When asked about the Ballew decision, which took three and a half years, Perez said, “I am sorry for what happened to all those involved and for our community, I had to view it carefully which is difficult to do when a decision is required.  The outcome was the impetus in re-evaluating our internal training curriculum and how we prepare officers for critical incidents.”

“Although the officers involved in the Bellew incident performed per policy and responded to the dynamics presented, it was also an opportunity to change our prior practices.”

Chief Perez inherited the Ballew situation after Police Chief Phillip Sanchez resigned. Perez himself will likely leave behind the McClain case for the next chief. 

McClain was shot twice on Raymond Avenue in Northwest Pasadena on Saturday, August 15 while fleeing police during a traffic stop for a missing front license plate.   

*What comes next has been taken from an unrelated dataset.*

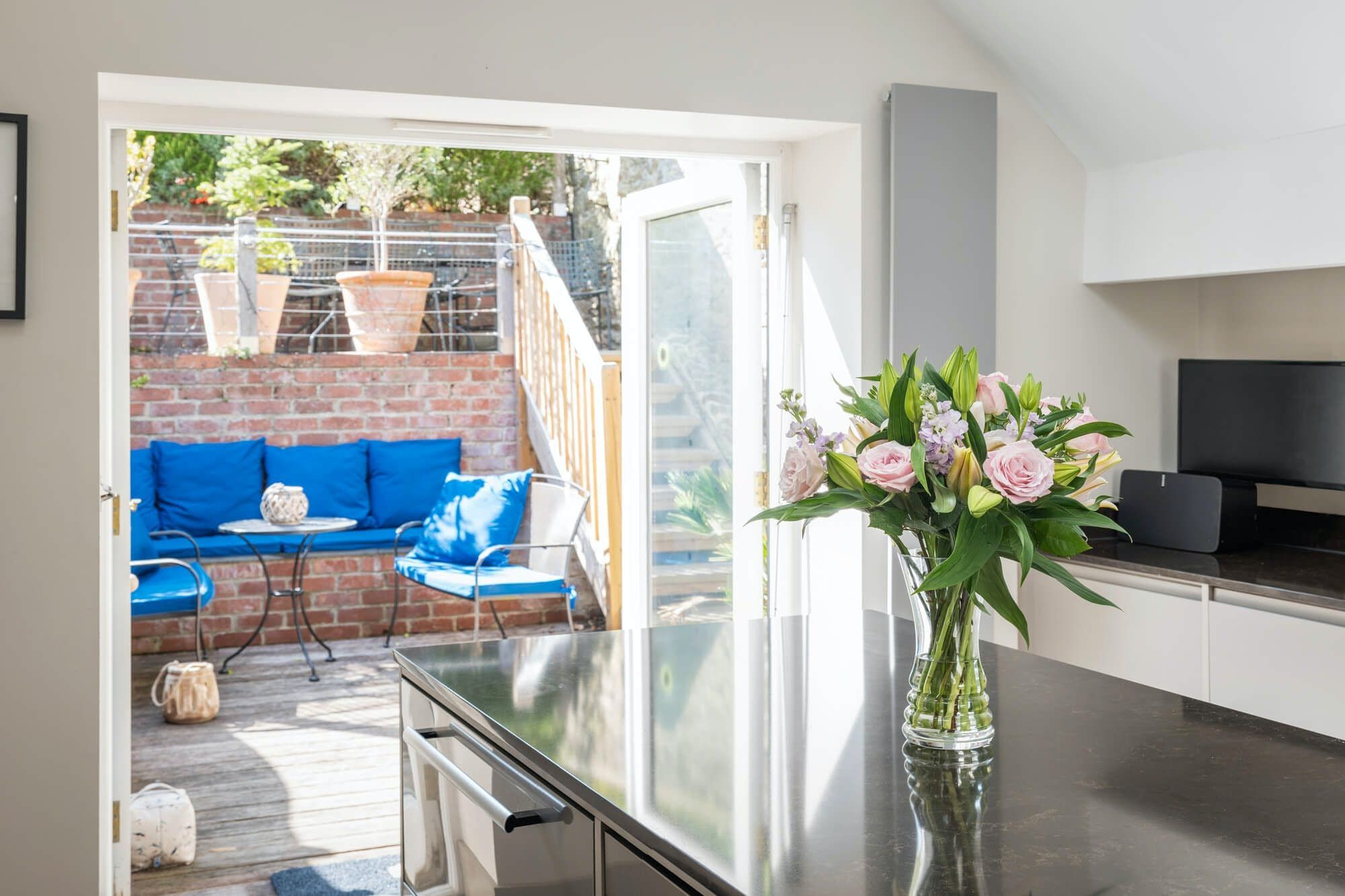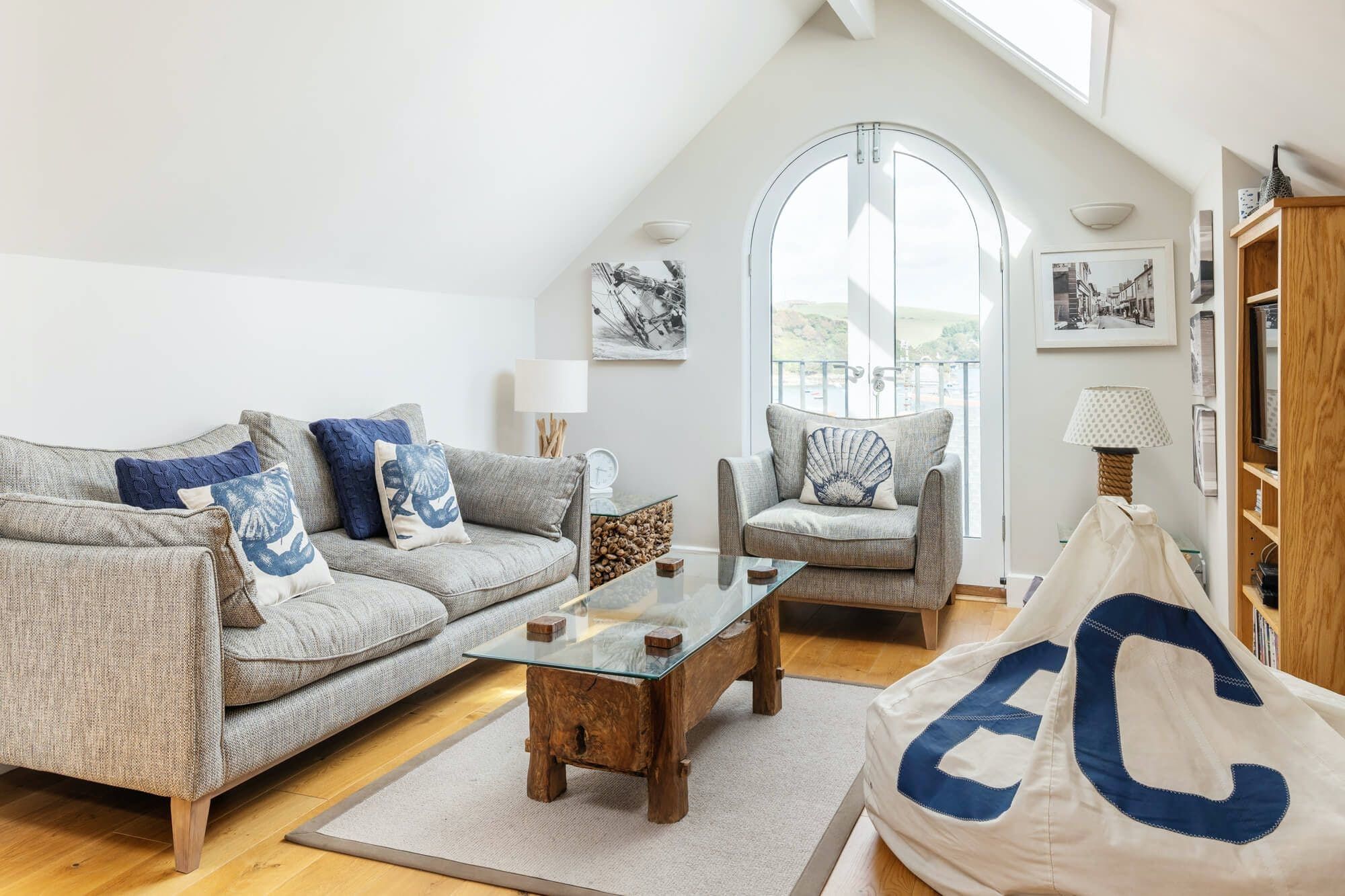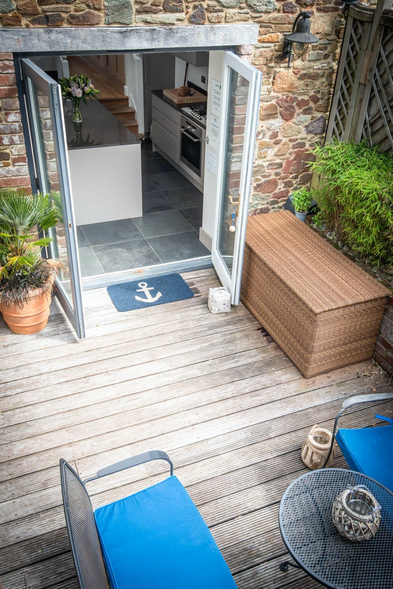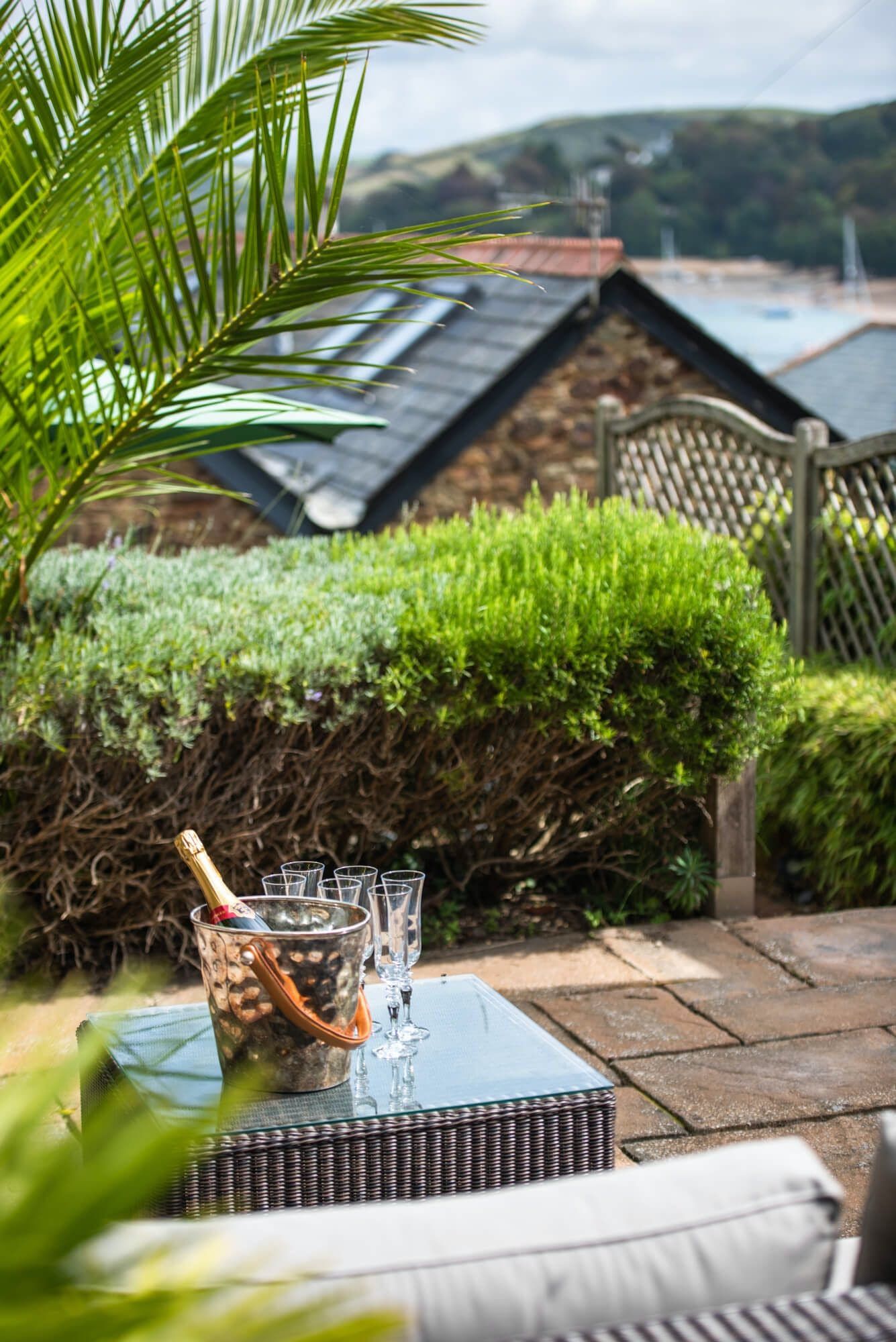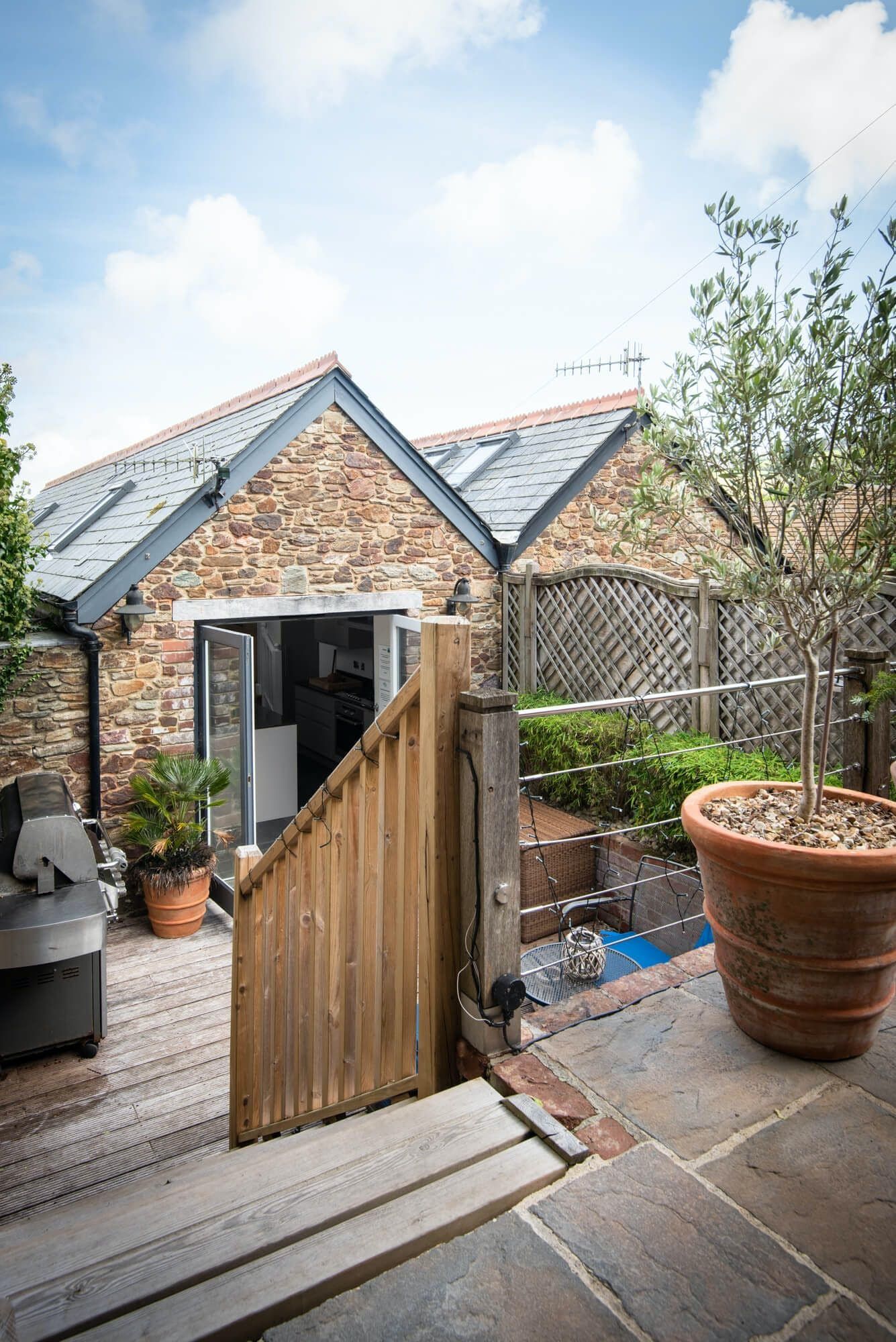 This stylish four-storey home is an old brewery cottage in the centre of Salcombe, a stone's throw away from the waterfront, restaurants and shops. It boasts high vaulted ceilings, an open plan design, and three outdoor terraces with stunning views of the harbour. The top floor leads out onto all three terraces with outdoor furniture including an outdoor shower on the upper terrace. An additional garden studio with a double bed and en-suite shower room is ideal for those that like extra privacy. And the view from up here is simply sublime.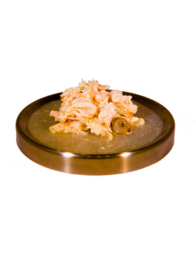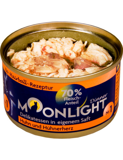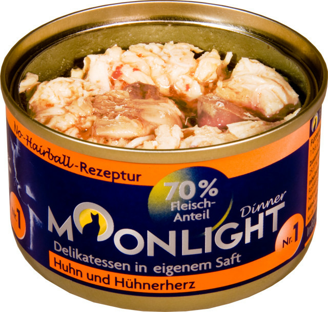 Ingrédients : 70% de viandes (soit 66.25% de poulet et 3.75% de coeur de poulet), 29.85% d'eau de cuisson, 0.15% d'oligosaccharides.

“We inherit all old policies and policing models and any new critical incidents that occur,” Perez said. “The McClain case is not because of the prior chief, I own the incident. These things happen in the field. Just because it didn’t happen on your shift, a new Police Chief is required to make difficult decisions on prior events and continue to reinvent and assess the department after every new critical event regardless of the outcome.

“Whoever takes this job could walk in and make a different decision regarding the officers involved in the shooting or take a different course on everything implemented under my command, from policy to training programs, the department is theirs to run.” 

Perez said he has informed City Manager Steve Mermell who will notify the council.  He called the City Manager the best in the business and said the challenge for the next chief will be navigating the Public Safety Committee, the Chief’s Advisory Commission, the Civilian Oversight Commission, and an Independent Auditor.

“I understand how to navigate the various oversight boards, but the next chief is going to have an initial challenge because conflict can emerge over final authority on changes.” 

Perez said in the end he felt the timing to retire in 2022 was good timing and allows the Department to continue its growth and ongoing transformation.

 “I could do this job for another ten years but at some point, leaders have to allow the organization to grow without them and that time is coming in 2022.